I am trying to do logic expression simplification using boolean algebra laws and axioms of logic, but I don't understand it at all. I attempt the question and this is what i have come up with.
the is the question giving : (¬a∨b)∧(a∨b)∧¬a
and this is what i got:
= (¬a∨b)∧(a∨b)∧¬a
= (¬a∨a)∧b)∧¬a - Distributive
=(¬a∨a)b¬a - Idempotent
=fvb -Complement or negation
=b identify
can someone please point me to the right direction and explain whats going on. i would be grateful thanks
You applied distributivity the wrong way.

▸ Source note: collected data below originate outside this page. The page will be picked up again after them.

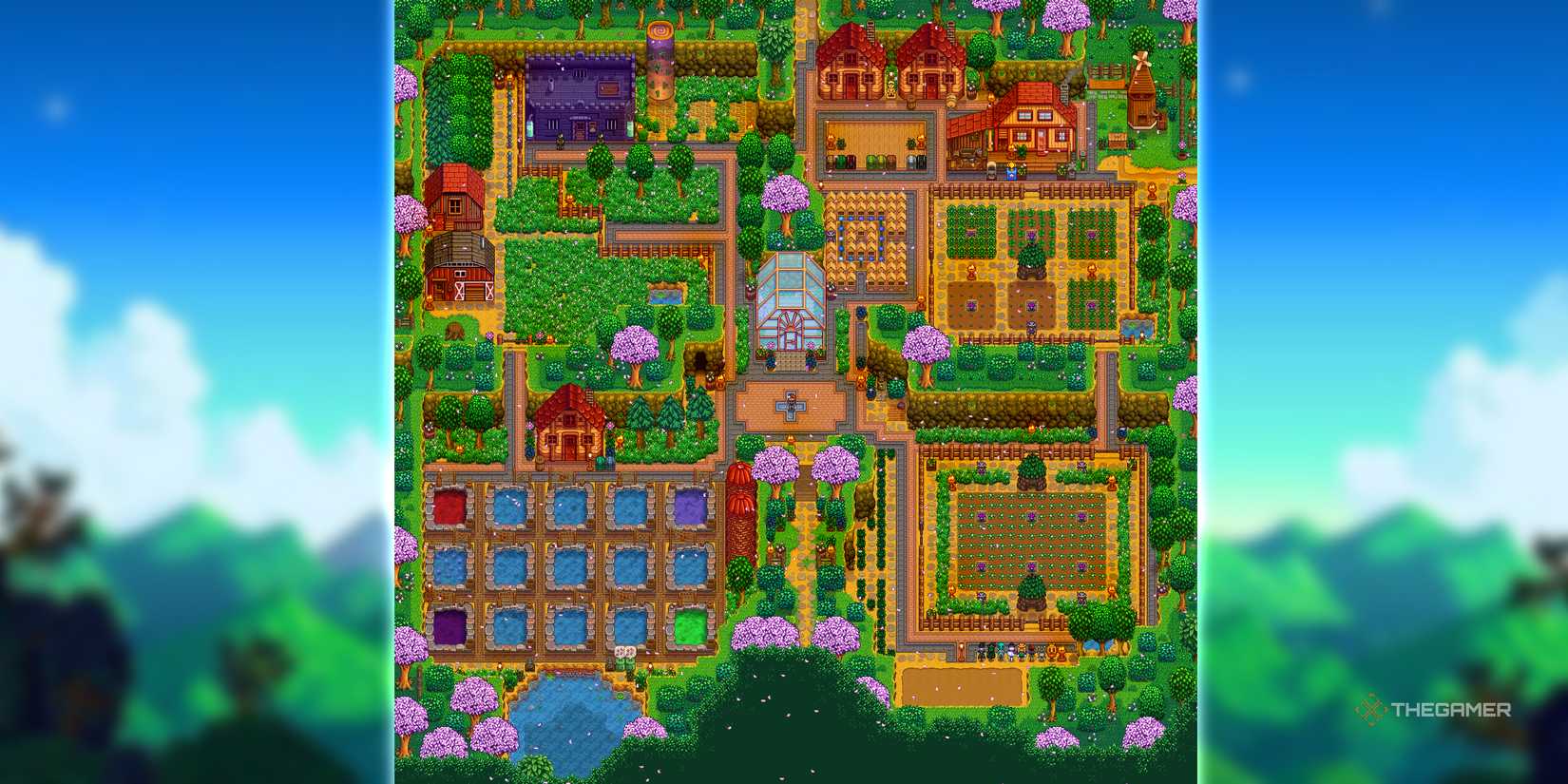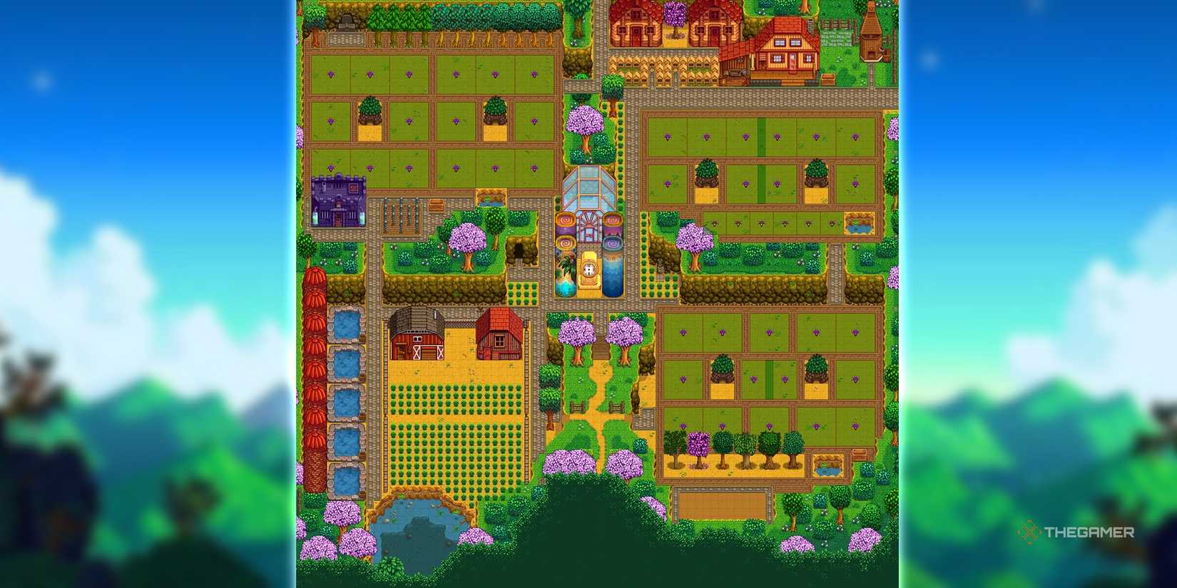 あなたとあなたの友人が高い生活を送り、メインの家のスペースを共有することを好む場合は、4つのコーナーズファームのレイアウトの右下にコテージを送り、そこにフラワーファームを計画してください。動物の左上の象限を節約するため、池とスライムファームには左下の象限を使用してください。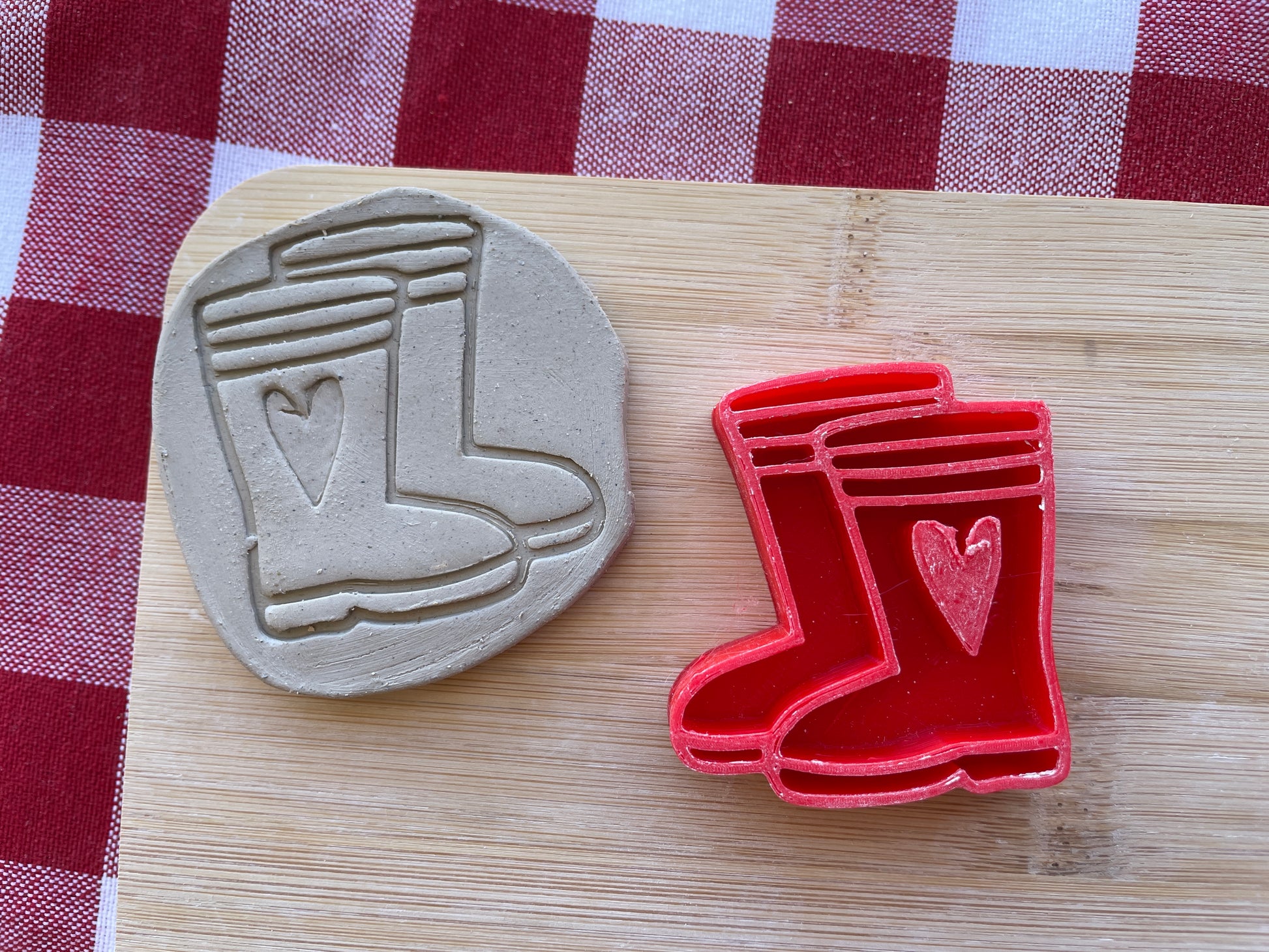 Rainboots Pottery Stamp - Spring themed February 2025 Mystery Box, multiple sizes available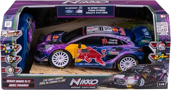 Modeled after the iconic M-Sport Ford Puma Hybrid Rally 1, this high-precision racer is engineered to dominate every course. Packed with pro-level parts — from a lightweight vac-formed body to a 360° drive motor and independent suspension — this machine is built for serious speed. The quick-charge 9.6V LiFePO4 USB battery keeps you racing longer, while Nikko’s Elite controller gives you the precision needed to rule every turn.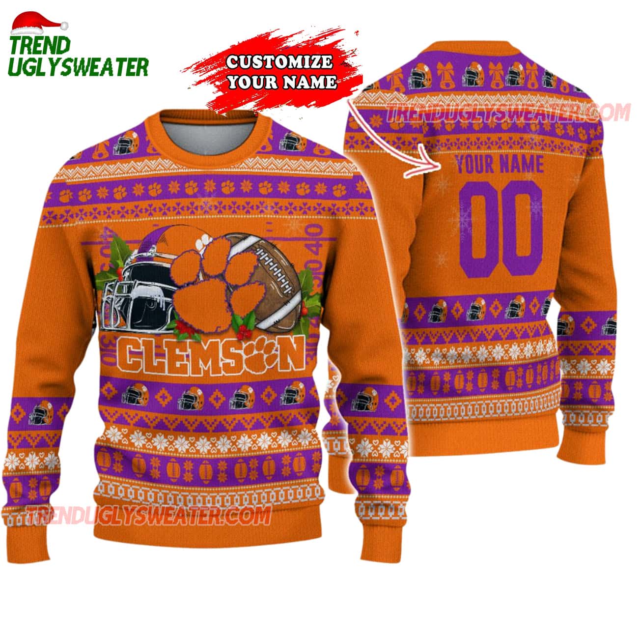 Limited-time offer: Don’t wait! Visit trenduglysweater.com and get your hands on the Custom Clemson Tigers Logo Team Football Christmas Ugly Sweater now — before it’s gone! Show your team pride today with a sweater that’s as bold as your fandom.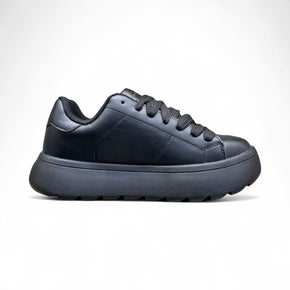 Modern chunky white sneaker featuring a minimalist design with smooth synthetic leather upper and thick geometric sole. The shoe offers a contemporary streetwear look with tonal laces, cushioned collar,...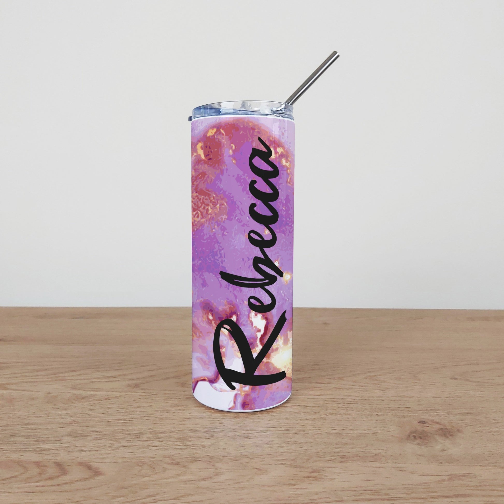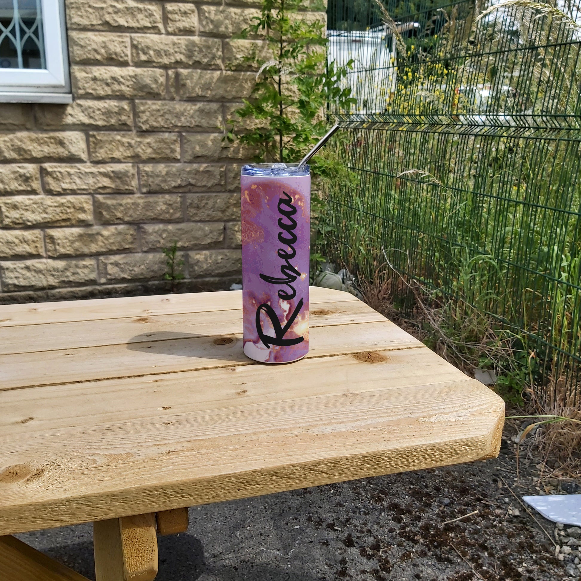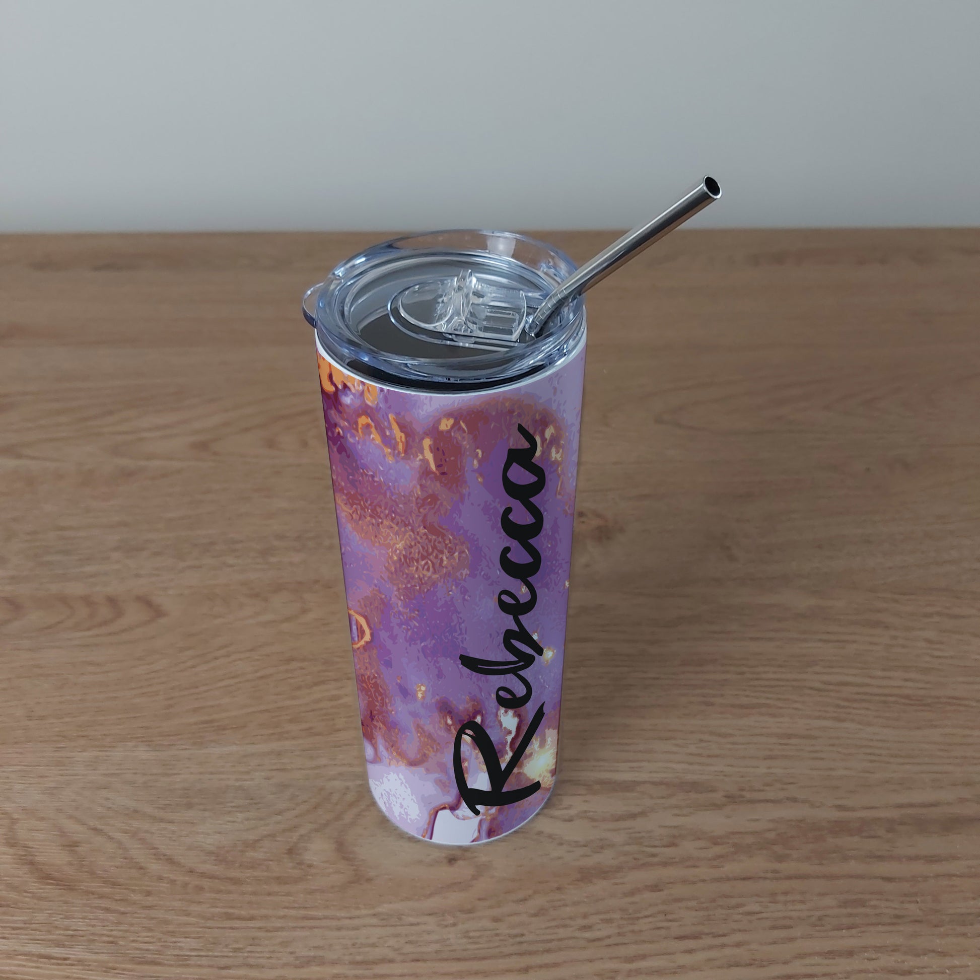 Personalised Stainless Steel Skinny Tumbler & Straw with Purple Marble Design
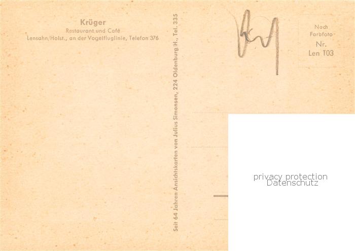 74052473 Lensahn Krueger Restaurant und Cafe Gaststube postalisch nicht gelaufen Erhaltung siehe scans [FriedD77] KatCode: 11110001055027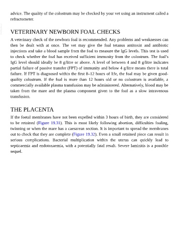 advice. The quality of the colostrum may be checked by your vet using an instrument called a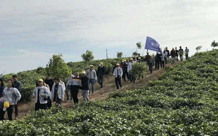 英德古稱英州,以生產紅茶著稱于世,是中國著名茶鄉。旅途第一站:英德茶園。茶園占地面積極廣,陽光里,微風拂過,一片碧波蕩漾,空氣中彌漫著淡淡的清香?!皦粝胫谩钡膱F隊成員們行走其間,心曠神怡。茶園主人耐心地給大伙兒介紹茶葉的制作過程:采摘、萎凋、揉捻、發酵、干燥等。如今的茶葉不再是純手工制作,每一個環節都由相應的設備操作??吹綑C器設備,大伙兒就忍不住向茶園主人獻計:建立一套自動化流水生產線。匯興智造的精英們啊,走到哪兒,都能發掘商機,旅途也是夢想的征程,不忘初心,攜夢前行。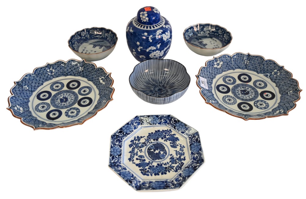 Seven Piece Chinese Lot, to include a ginger jar with lid, height 6 1/4 inches; a scalloped small bowl; an octogonal plate, diameter…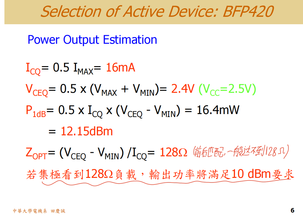- 目标负载 :为获得最大输出功率,晶体管应看到约 128Ω 的纯电阻负载。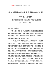 公文堂——海量公文资料,关注立即下载参加全国政府系统督查干部能力建设培训学习的几点收获——在市政府办公室第13次业务工作点评会上的发言(201x年6月15日)各位领导,同志们:今年5月6日到12日,我有幸参加了国办督查室在国家行政学院举办的督查干部能力建设培训班。全国136名同志参加培训,河南3名同志参加培训。培训之后,感触多多,收获满满。具体来说,有以下3点。一、学到了新知,增长了见识。之所以这么说,主要源于以下几点。一是老师讲课有水平。讲课老师均为实践经验丰富的领导同志和理论功底深厚的专家学者,特别是国办督查室主持日常工作的李国周副主任,中国工程院院士邬贺铨教授,中国人民大学金灿荣教授,国...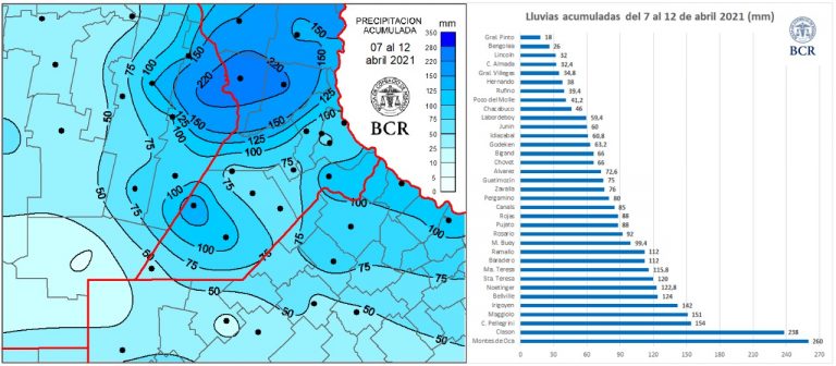 El último evento de lluvias que comenzó el jueves 8 de abril y se extendió hasta el domingo 11 sorprendió a todos. Si bien la distribución de las lluvias fue la esperada, el volumen de agua dejó marcas récords. En la región núcleo se esperaba algo más de 30 a 40 mm pero el evento dejó casi 100 mm en promedio. Puntualmente, hubo registros de más de 250 mm. En la red de estaciones GEA / BCR, Montes de Oca totalizó 260 mm, Classon le sigue con 238 mm. Luego hay 10 localidades entre el centro y sur de Santa Fe y el este de Córdoba con acumulados de 100 a 150 mm. En Marcos Juárez, la medición del SMN fue de 253 mm.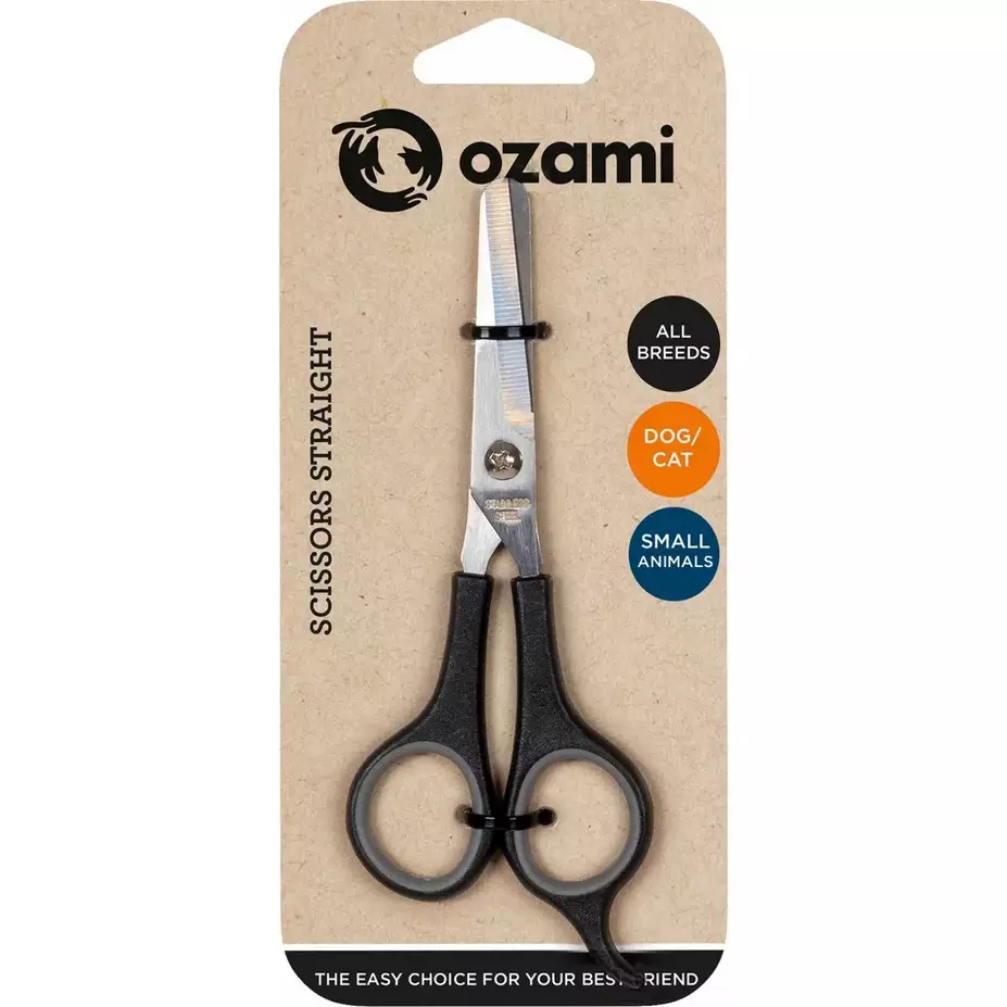 Ozami Scissor Straight on suorat trimmaussakset, suunniteltu koirille, kissoille ja pieneläimille. 14,5 cm pituiset sakset sopii erinomaisesti tarkkaan trimmaamiseen tassujen ympärillä, kasvoissa ja muilla herkällä alueilla. Ruostumattomasta teräksestä valmistetut terät takaavat siistin leikkauksen, ja ergonomiset muovikahvat lisäävät käyttömukavuutta. Sopii kaikille roduille ja lemmikeille, jotka tarvitsevat säännöllistä turkinhoitoa.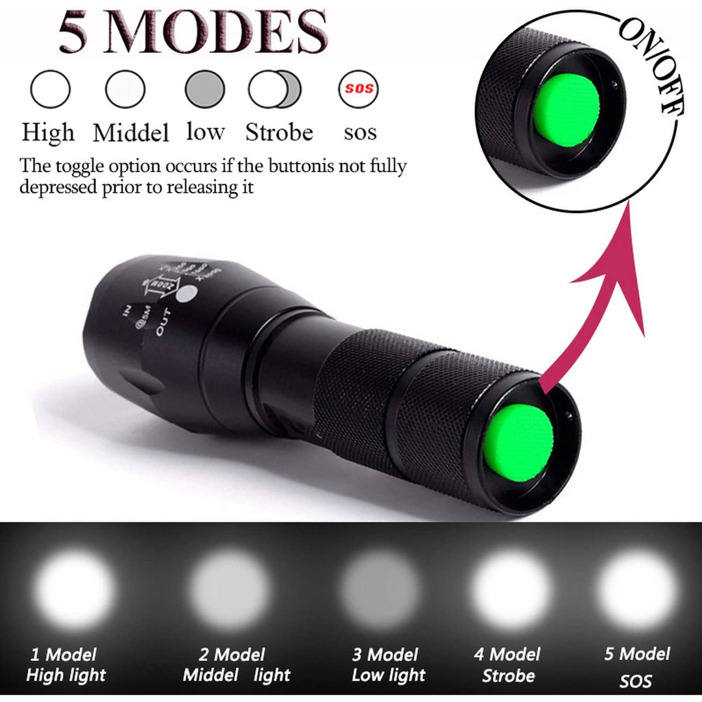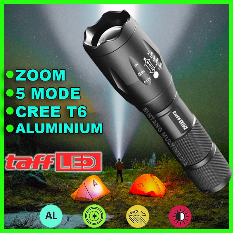 Senter LED Super Terang Zoom TaffLED E17 S XM-L T6 Lampu Camping Tactical Swat Police 3800 Lm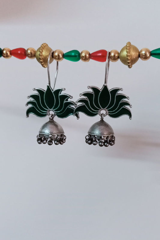 Padmaa (Green) - Premium Quality Oxidised Jhumki (Hand Painted)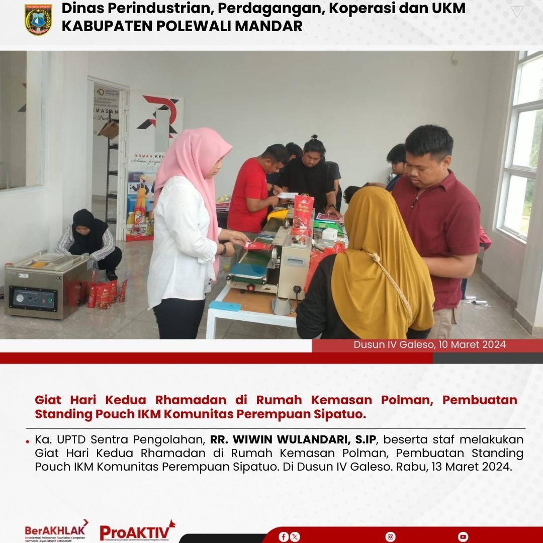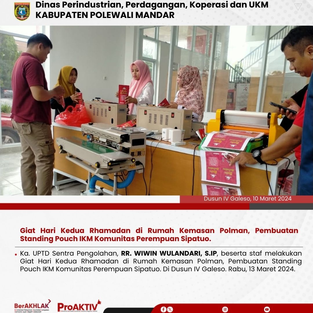 Giat hari kedua Rhamadan Pembuatan Standing Pouch IKM Komunitas Perempuan Sipatuo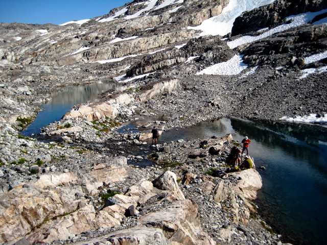 Leaving the summit behind, we quickly descended more snowslopes to the “Bacon Tarns,” a cluster of beautiful glacial-melt ponds on a rock bench below the Green Lake Glacier. The clear, frigid water ensured a very short but refreshing dip.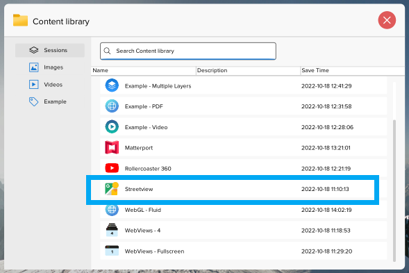 Press the Add Content button in the Canvas Toolbar and select Content Library.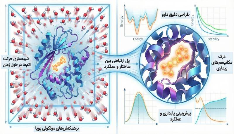 پیشبینی تحول وابسته به زمان سیستمهای زیستی در سطح اتمی؛ از برهمکنشهای پروتئینی تا طراحی دارو.

Following the right distributive law (as JW Tanner points inn a comment) together with the commutative one, you get $$(a' \vee b) \wedge (a \vee b) \wedge a' = ((a' \wedge a) \vee b) \wedge a'.$$ (Here I'm using $x'$ for your notation $\neg x$).
Since $a' \wedge a = 0$ and $0 \vee b = b$, it all becomes $b \wedge a'$.
A different approach would be to use absorption: after using commutativity and associativity, you get $$(a' \vee b) \wedge (a \vee b) \wedge a' = ((a' \vee b) \wedge a') \wedge (a \vee b).$$ By absorption and distributivity, this gives $$a' \wedge (a \vee b) = (a' \wedge a) \vee (a' \wedge b) = 0 \vee (a' \wedge b) = a' \wedge b.$$